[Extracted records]
◆ ◆ ◆ ◆
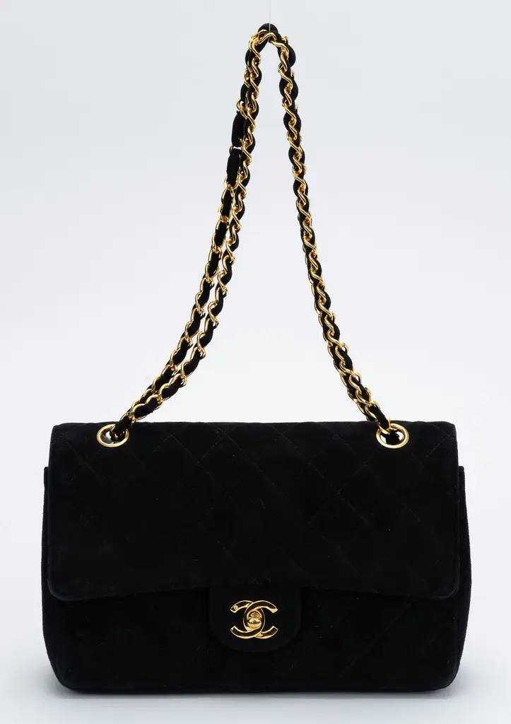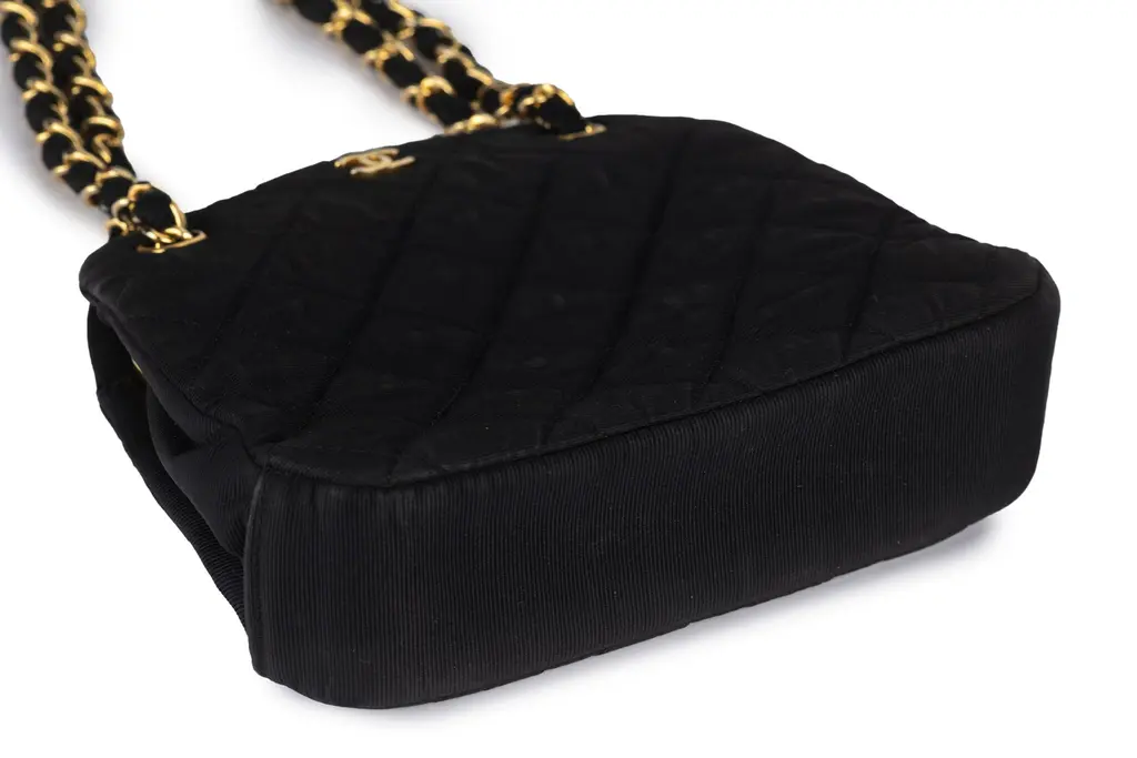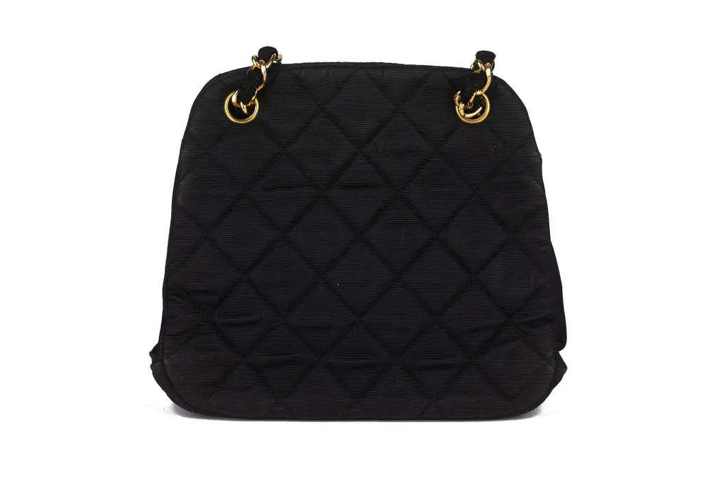 This Chanel Matelasse Chain Shoulder Bag in black toile has gold hardware and a chain link shoulder strap and a classic CC logo on the front. The top is fastened by a clasp that opens up to a roomy interior with two slit pockets. Comes with hologram and original dust cover. Late 80s collection.
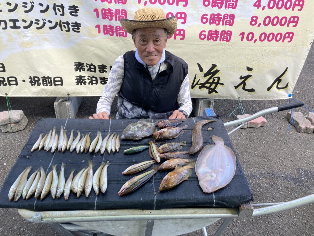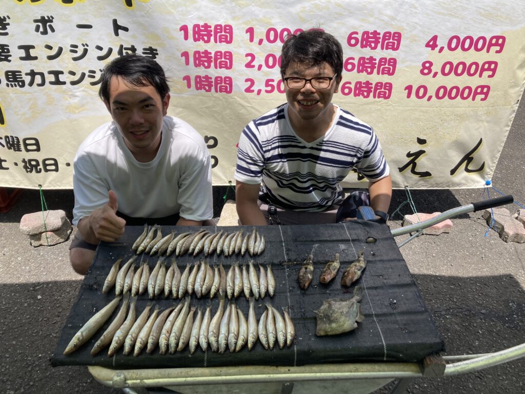 釣果 釣果 7/25(金)大潮 2025年7月26日 2025年7月26日 宝塚市 幸島ご夫妻様(船外機) キス良型混じり・カワハギ・ベラ宿泊、レンタルボートありがとうございました。初海えんでこの釣果! 枚方市 橋本様(船外機) キス・ベラ・キジハタ・ヒラメ・カワハギ・アオハタ・エソ 神戸市上原様 宇納様(船外機) キス・カワハギ・アオハタ 初海えんでこの釣果!ありがとうございました
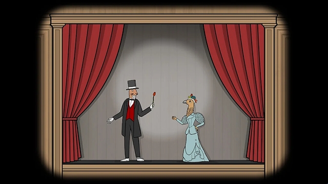 4、延续锈湖系列标志性的诡异氛围与超现实叙事,通过20个荒诞离奇的魔术表演段落,揭示隐藏在华丽演出背后的秘密。
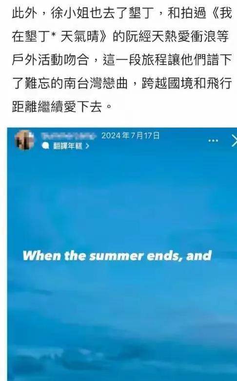 近期,阮经天与姓徐的女性再次踏上了出国旅行的蜜月之旅。
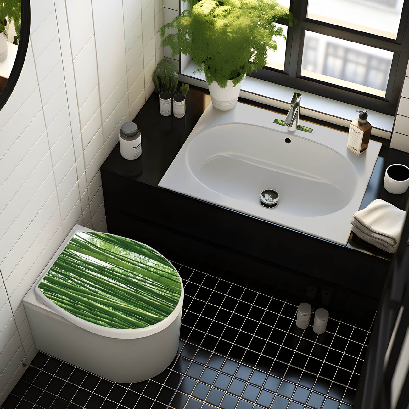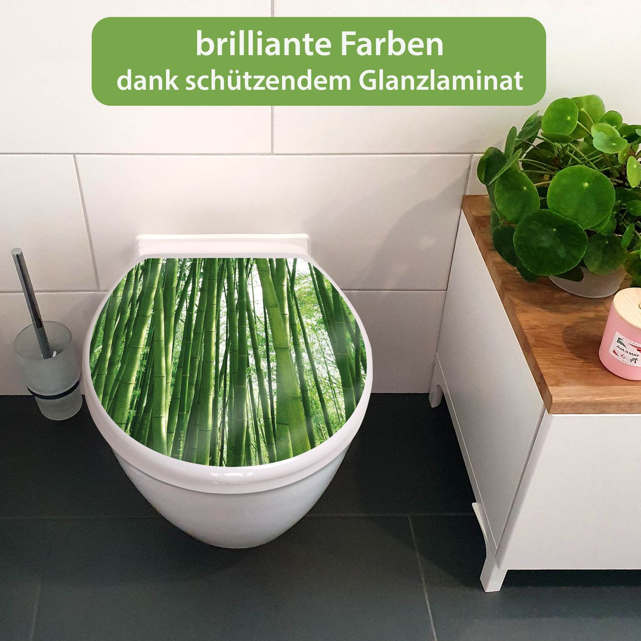Toilettendeckel weiß mit Absenkautomatik Motiv Bambus
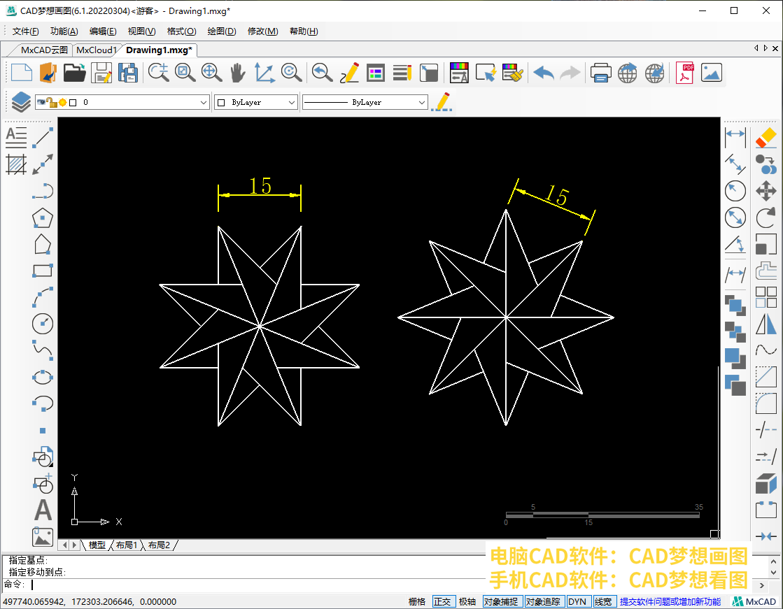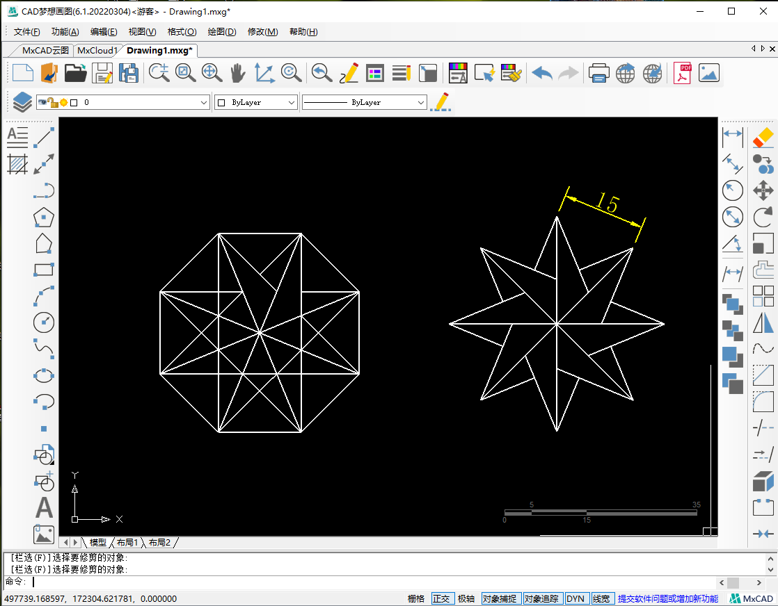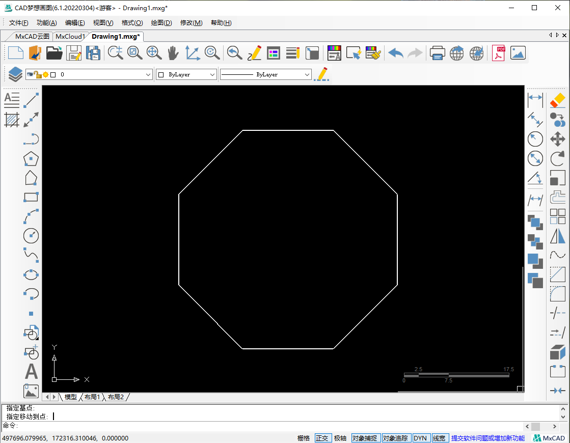 今天,我们会在CAD制图软件中绘制一个练习题,使用到的基础命令有CAD多边形命令以及修剪命令,直线命令。这篇文章中将会主要讲解多边形命令以及修剪命令的使用方法。接下来我们打开CAD梦想画图软件,给大家演示一下绘制过程。
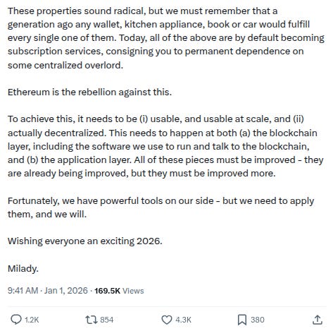 -“Ethereum needs to do more to meet its own stated goals… To build the world computer that serves as a central infrastructure piece of a more free and open internet…” - from new thoughts from Vitalik, below:
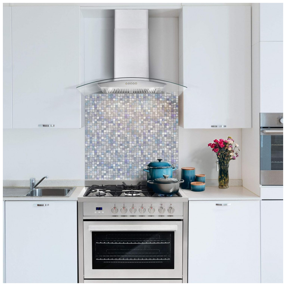 Material: Aço inoxidável 430 escovado e vidro temperado curvo com filtros permanentes em aço inox
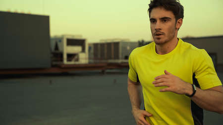 Young brunette sportsman running on roof of building in evening
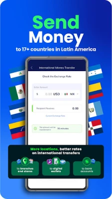 Send money to Bolivia, Brazil, Colombia, Ecuador, El Salvador, Guatemala, Honduras, Mexico, Nicaragua, Panama, Peru, Dominican Republic, and Venezuela.
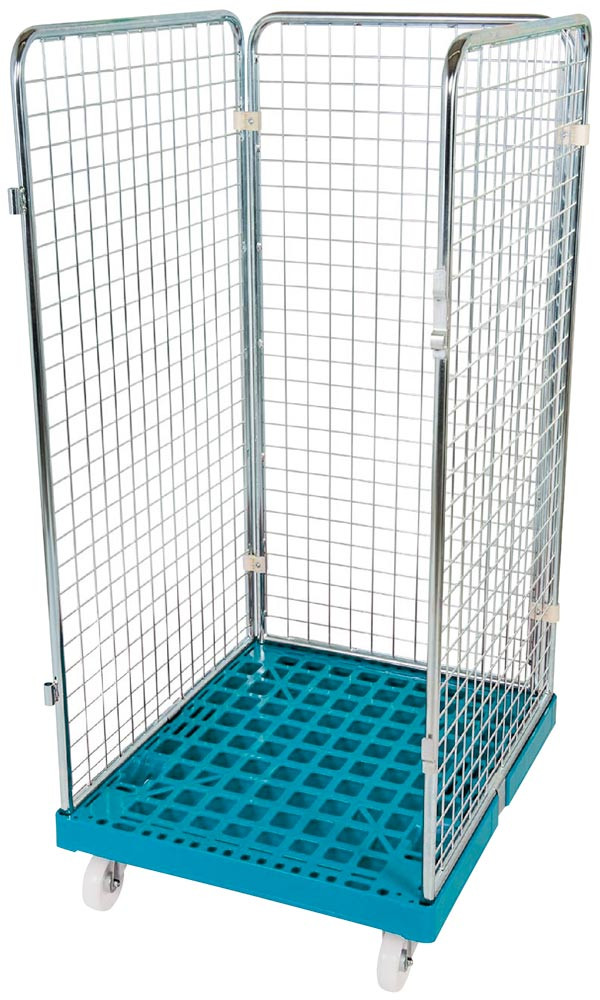 Rollbox mit Drahtgitterwänden, 3-seitig, Nutzhöhe 1020 mm, LxBxH 810x720x1200 mm, Bodenplatte aus HDPE, RAL 5012 lichtblau EP536990
◆ ◆ ◆ ◆
▶ **WHAT THE TASK REQUIRES**
A faithful copy is needed: reproduce all of the data above, leaving the pictures out.

▶ **EXERCISE RESULT**
 This Chanel Matelasse Chain Shoulder Bag in black toile has gold hardware and a chain link shoulder strap and a classic CC logo on the front. The top is fastened by a clasp that opens up to a roomy interior with two slit pockets. Comes with hologram and original dust cover. Late 80s collection.
 釣果 釣果 7/25(金)大潮 2025年7月26日 2025年7月26日 宝塚市 幸島ご夫妻様(船外機) キス良型混じり・カワハギ・ベラ宿泊、レンタルボートありがとうございました。初海えんでこの釣果! 枚方市 橋本様(船外機) キス・ベラ・キジハタ・ヒラメ・カワハギ・アオハタ・エソ 神戸市上原様 宇納様(船外機) キス・カワハギ・アオハタ 初海えんでこの釣果!ありがとうございました
 4、延续锈湖系列标志性的诡异氛围与超现实叙事,通过20个荒诞离奇的魔术表演段落,揭示隐藏在华丽演出背后的秘密。
 近期,阮经天与姓徐的女性再次踏上了出国旅行的蜜月之旅。
Toilettendeckel weiß mit Absenkautomatik Motiv Bambus
 今天,我们会在CAD制图软件中绘制一个练习题,使用到的基础命令有CAD多边形命令以及修剪命令,直线命令。这篇文章中将会主要讲解多边形命令以及修剪命令的使用方法。接下来我们打开CAD梦想画图软件,给大家演示一下绘制过程。
 -“Ethereum needs to do more to meet its own stated goals… To build the world computer that serves as a central infrastructure piece of a more free and open internet…” - from new thoughts from Vitalik, below:
 Material: Aço inoxidável 430 escovado e vidro temperado curvo com filtros permanentes em aço inox
 Young brunette sportsman running on roof of building in evening
 Send money to Bolivia, Brazil, Colombia, Ecuador, El Salvador, Guatemala, Honduras, Mexico, Nicaragua, Panama, Peru, Dominican Republic, and Venezuela.
 Rollbox mit Drahtgitterwänden, 3-seitig, Nutzhöhe 1020 mm, LxBxH 810x720x1200 mm, Bodenplatte aus HDPE, RAL 5012 lichtblau EP536990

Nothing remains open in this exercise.